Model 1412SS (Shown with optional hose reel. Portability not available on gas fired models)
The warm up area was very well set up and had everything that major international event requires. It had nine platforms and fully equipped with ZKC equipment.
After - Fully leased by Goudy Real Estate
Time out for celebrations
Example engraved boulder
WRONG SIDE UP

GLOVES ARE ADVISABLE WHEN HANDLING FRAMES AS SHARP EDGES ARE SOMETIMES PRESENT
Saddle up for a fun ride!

_ _ _

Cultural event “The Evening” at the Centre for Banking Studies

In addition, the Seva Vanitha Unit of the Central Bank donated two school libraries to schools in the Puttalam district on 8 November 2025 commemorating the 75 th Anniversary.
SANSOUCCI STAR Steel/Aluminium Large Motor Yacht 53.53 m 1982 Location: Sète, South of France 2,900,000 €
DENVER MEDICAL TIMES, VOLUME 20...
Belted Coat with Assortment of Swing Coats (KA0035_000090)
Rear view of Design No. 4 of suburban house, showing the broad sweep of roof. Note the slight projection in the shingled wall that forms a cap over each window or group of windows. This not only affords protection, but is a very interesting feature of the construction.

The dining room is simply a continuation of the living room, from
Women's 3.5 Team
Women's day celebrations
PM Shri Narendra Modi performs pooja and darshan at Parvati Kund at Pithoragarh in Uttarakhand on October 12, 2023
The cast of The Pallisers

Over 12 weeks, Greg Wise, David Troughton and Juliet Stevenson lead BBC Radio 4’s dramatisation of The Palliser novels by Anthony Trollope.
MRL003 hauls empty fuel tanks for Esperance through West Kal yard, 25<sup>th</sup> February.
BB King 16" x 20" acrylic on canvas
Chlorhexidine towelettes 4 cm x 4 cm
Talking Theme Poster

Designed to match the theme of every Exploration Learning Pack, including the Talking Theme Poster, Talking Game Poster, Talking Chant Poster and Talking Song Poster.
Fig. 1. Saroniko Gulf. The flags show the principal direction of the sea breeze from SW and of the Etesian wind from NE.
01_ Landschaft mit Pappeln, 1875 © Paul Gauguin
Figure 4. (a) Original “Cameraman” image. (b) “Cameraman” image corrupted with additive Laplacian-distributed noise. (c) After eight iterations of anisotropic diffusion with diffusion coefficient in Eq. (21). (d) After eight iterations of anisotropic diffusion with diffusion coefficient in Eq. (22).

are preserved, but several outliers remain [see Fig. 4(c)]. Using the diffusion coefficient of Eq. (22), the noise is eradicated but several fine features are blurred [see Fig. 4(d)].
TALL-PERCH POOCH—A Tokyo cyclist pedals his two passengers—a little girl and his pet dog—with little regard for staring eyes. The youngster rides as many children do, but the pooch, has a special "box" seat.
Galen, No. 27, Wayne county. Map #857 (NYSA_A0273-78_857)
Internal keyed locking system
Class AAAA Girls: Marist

_ _ _

[EXERCISE DIRECTIONS]
Of all the entries above, output exactly the lines between the one holding "are preserved, but" and the one holding "Class AAAA Girls: Marist", inclusive.

[RESPONSE AREA]
are preserved, but several outliers remain [see Fig. 4(c)]. Using the diffusion coefficient of Eq. (22), the noise is eradicated but several fine features are blurred [see Fig. 4(d)].
TALL-PERCH POOCH—A Tokyo cyclist pedals his two passengers—a little girl and his pet dog—with little regard for staring eyes. The youngster rides as many children do, but the pooch, has a special "box" seat.
Galen, No. 27, Wayne county. Map #857 (NYSA_A0273-78_857)
Internal keyed locking system
Class AAAA Girls: Marist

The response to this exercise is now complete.